The constable nodded and walked away.
‘So what are we doing now?’ Shakespeare asked.
‘I’ve got some paperwork to catch up on.’ Dennis cast a glance at Ella. She caught his meaning, and said, ‘I’m going to look over some of the calls from the public.’
‘Is there anything for me to do?’ Shakespeare asked.
‘Not really,’ Dennis said. ‘You can go on the phones if you want.’
Shakespeare looked dissatisfied. ‘I guess.’
‘Good-o,’ Dennis said. ‘We’ll call you if anything happens.’
When Shakespeare was out of sight down the corridor Dennis winked at Ella. ‘Let’s get out of here.’
11.20 am
At the end of Glebe Point Road sunlight shimmered on Rozelle Bay. In Angus’s car Sophie looked in the other direction, at Boyd Sawyer’s house.
Freshly showered and dressed in clean navy ambulance uniform trousers and a blue T-shirt, and with a clean ambulance shirt neatly folded in a bag, she sat taut, stretched almost to breaking point, and thought of all that had happened since she’d last been here; then she saw a figure walk past a window in the house. ‘That’s him.’
Angus stared. ‘How come he’s not in custody?’
‘I don’t know.’
‘What exactly did the detectives tell you?’
‘What I told you before, that he was found overdosed but says he wasn’t involved.
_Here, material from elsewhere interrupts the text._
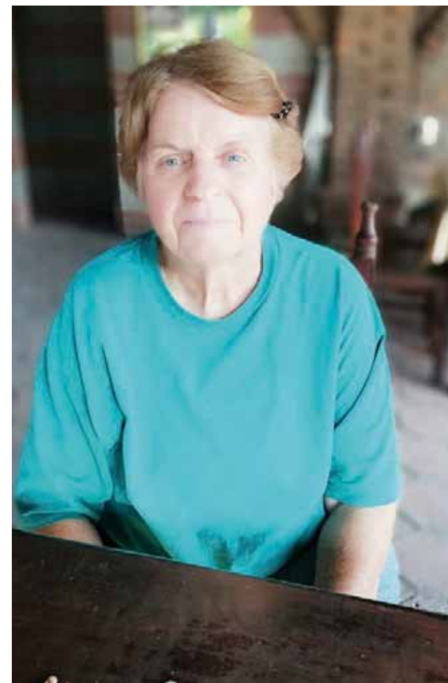
► La ciudadana estadounidense espera respuesta desde hace ya un tiempo.

Es importante señalar que la afectada se encuentra hospedada en la ciudad desde esa fecha hasta hoy día en espera de ser atendida, por lo que es importante que las autoridades actúen conforme a derecho ya que esta acción deja mucho que desear, sobre todo que se trata de una ciudadana americana, que lo único que pide es que le reparen su camioneta, o la autoridad proceda contra el implicado.

Plus they found a dummy like Lachlan’s beside his car at the wharf.’
‘They have all that plus motive and they let him go?’
It did seem wrong that Sawyer was free but Sophie didn’t want to acknowledge him as the likely culprit. Doing so would force her to recognise that Lachlan might be in the river. She turned away from the house. ‘Let’s go.’
As they headed into the city she twisted in her seat, examining every person on the street with a baby in their arms or in a pram. Angus drove without speaking, staying in the left lane and going slowly. ‘So where exactly are we going?’